Data entries
::::::::

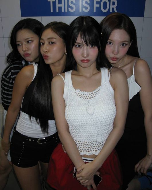 지효는 동일 그룹 멤버들과 함께 찍은 사진을 공개해 팬들의 기대감을 한껏 끌어올렸다. 네 명 모두 카메라를 향해 장난스럽게 입을 내민 모습에서 걸크러시와 장난꾸러기 무드가 공존한다.
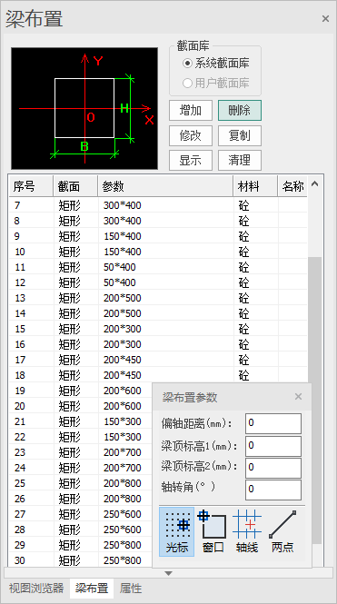 (1)点击“梁布置”按钮后,弹出梁布置对话框;
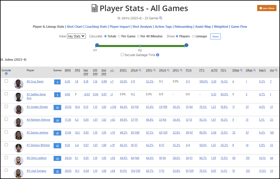Lineup stats are also easy to access, as well as player impact reports (on/off) for individuals, groups of two, or groups of three.
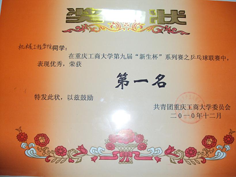 2010年12月3日,太阳集团tcy8722第九届新生杯乒乓球决赛在主校区体艺馆进行。太阳集团tcy8722乒乓球队一路过关斩将,最终以3:1打败计信学院,取得了新生杯乒乓球决赛的冠军。
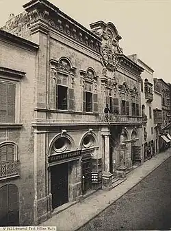 In 1841, the Banca Giuratale became a post office when the Packet Office was transferred there from the Casa del Commun Tesoro in Piazza Tesoreria. The Island Post Office was also transferred into the Banca Giuratale on 1 April 1849, and the two were merged into the General Post Office in 1885. A year later, the GPO moved to Palazzo Parisio.[11]
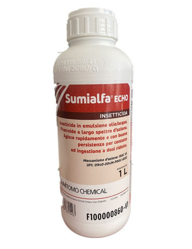 Sumialfa echo è un insetticida piretroide a base di esfenvalerate. Agisce per contatto ed ingestione su un’ampia gamma di insetti ad apparato boccale pungente-succhiatore e masticatore. Il prodotto dispone di spiccata attività abbattente e buona persistenza. E' formulato in emulsione olio/acqua.
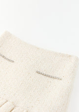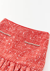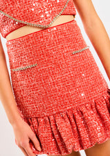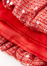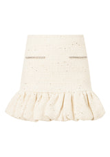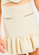 Festive and fun, the Odelia Tweed Mini Skirt is crafted from shimmering tweed with a playful frilled hemline and diamanté detailing. This versatile piece can be paired with the Odelia Heart-Shaped Tweed Top or styled with the matching Odelia Jacket for a complete Marlo holiday look.
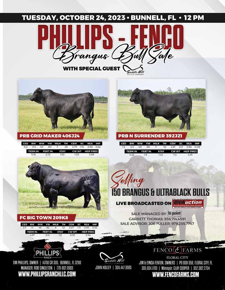 FENCO FARMS We Sell Cattle to Fit Your Needs JIM & LYNDA FENTON 305-934-1705 CLAY COOPER, MANAGER | 352-302-2734 P.O. BOX 658 FLORAL CITY, FL 34436 FENCO FARMS Mark Your Calendars PHILLIPS RANCH, FENCO FARMS AND SADDLE HILL CATTLE CO. WILL BE OFFERING 140 STOUT HERD SIRES AND RANGE BULLS TUESDAY, OCTOBER 24, 2023 FOR THE PHILLIPS-FENCO BULL SALE! CED 3.1 BW 1.3 WW 46 YW 83 M 8 TM 32 SC 1.11 REA 0.85 IMF 0.33 FERT 2.31 TERM 4.68 CEM 2.30 FAT 0.024 H PREG 11.92 STAY 1.72 COW WT -0.22 TRAIT EPD FC BIG TOWN 209K8 || REG. # R10525541

::::::::

An exact copy is needed of the stretch above that opens with the line containing "Lineup stats are" and closes with the line containing "In 1841, the"; the pictures are not part of it.

§ **YOUR RESPONSE**:
Lineup stats are also easy to access, as well as player impact reports (on/off) for individuals, groups of two, or groups of three.
 2010年12月3日,太阳集团tcy8722第九届新生杯乒乓球决赛在主校区体艺馆进行。太阳集团tcy8722乒乓球队一路过关斩将,最终以3:1打败计信学院,取得了新生杯乒乓球决赛的冠军。
 In 1841, the Banca Giuratale became a post office when the Packet Office was transferred there from the Casa del Commun Tesoro in Piazza Tesoreria. The Island Post Office was also transferred into the Banca Giuratale on 1 April 1849, and the two were merged into the General Post Office in 1885. A year later, the GPO moved to Palazzo Parisio.[11]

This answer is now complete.